Immer wieder beobachte ich fasziniert, wie mir begegnende oder auch mir näher bekannte Menschen danach streben, etwas oder jemand bestimmtes zu sein. Meistens etwas, das sie bei anderen gesehen haben und auch haben oder sein wollen. Neid ist bei vielen ein Motor, oft greift auch das Nesthäkchen-Syndrom: Auf die billige Tour an Erfolge kommen, für die andere hart arbeiten – so wie das jüngste Kind einer Familie immer von Entwicklungen profitiert, die eigentlich andere betroffen haben.

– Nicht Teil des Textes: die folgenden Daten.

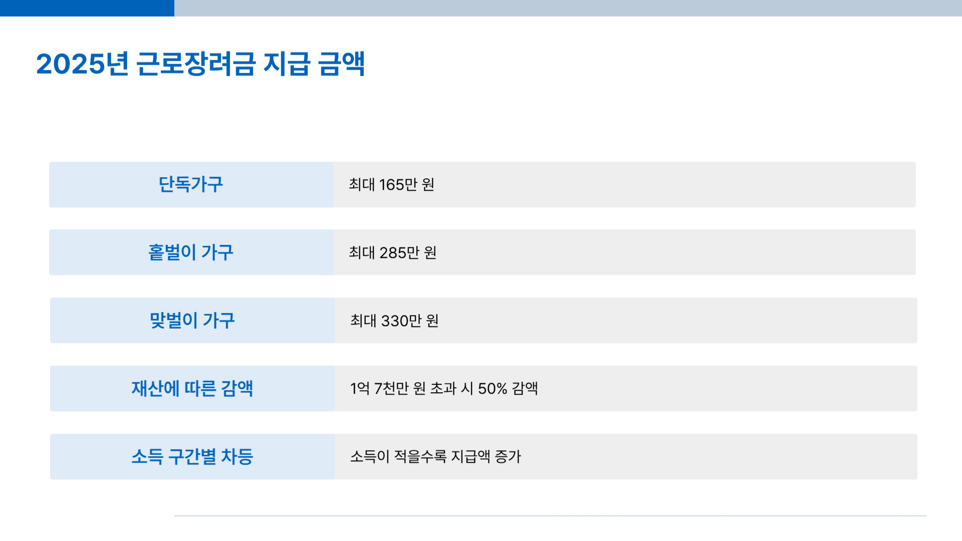 2025년 기준 근로장려금 최대 지급 금액은 다음과 같습니다.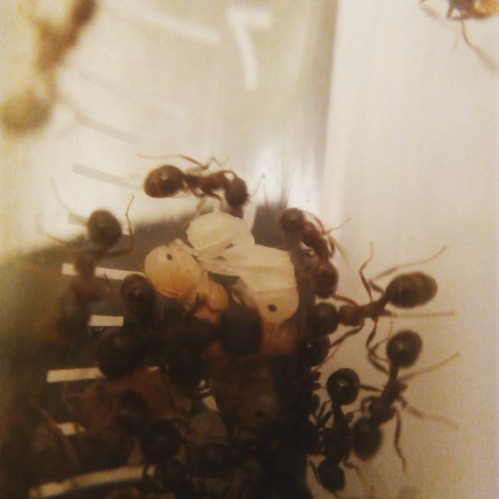 К настоящему моменту все коконы (кроме одного, микроскопического) вскрыты, все живы, но из расплода - только пара пакетов яиц, часть мурашей сидит в "солярии", часть - над яйцами, в верхней пробирке. Все дружно притворяются шлангами, и снова, за отсутствием личинок, я не нахожу этот факт чем-то странным.

Das kenne ich so gar nicht: Etwas »auch« sein wollen, das andere sind. Ich habe ganz stark das umgekehrte Phänomen. Schon immer wusste ich, wie ich nicht leben wollte – oft sofort, nachdem ich es bei anderen sah. Jahrelang habe ich zum Beispiel in kalter Panik gelebt, ich könnte mich fast ohne mein Zutun in eines dieser noch recht jungen dumpfen weiblichen Wesen im Anorak verwandeln, die entleerten Gesichts ein paar Kinder durch Parkanlagen zerren (und bestimmt heimlich zu Hause ein ganz, ganz tolles und intensives und hochintellektuelles Leben führen, aber alleine dieser Gesichtsausdruck ....). Mit einem richtigen Ruck der Erleichterung stellte ich dann irgendwann fest, dass ich nun glücklicherweise zu alt war, um so eine ja doch recht typische Frau mit einem entleerten Gesicht, einem engen Horizont und zu wenig beruflichen und anderen zukünftigen Aussichten zu werden. Kein Scherz. Genau so war das.
Und jetzt wieder so eine Phase, in der ich andere – in meinem Alter? Oder wenigstens ungefähr – dabei beobachte, wie sie Dinge tun, die ich niemals sein werde, solange ich es irgendwie verhindern kann. Und ich schätze mal, ich kann.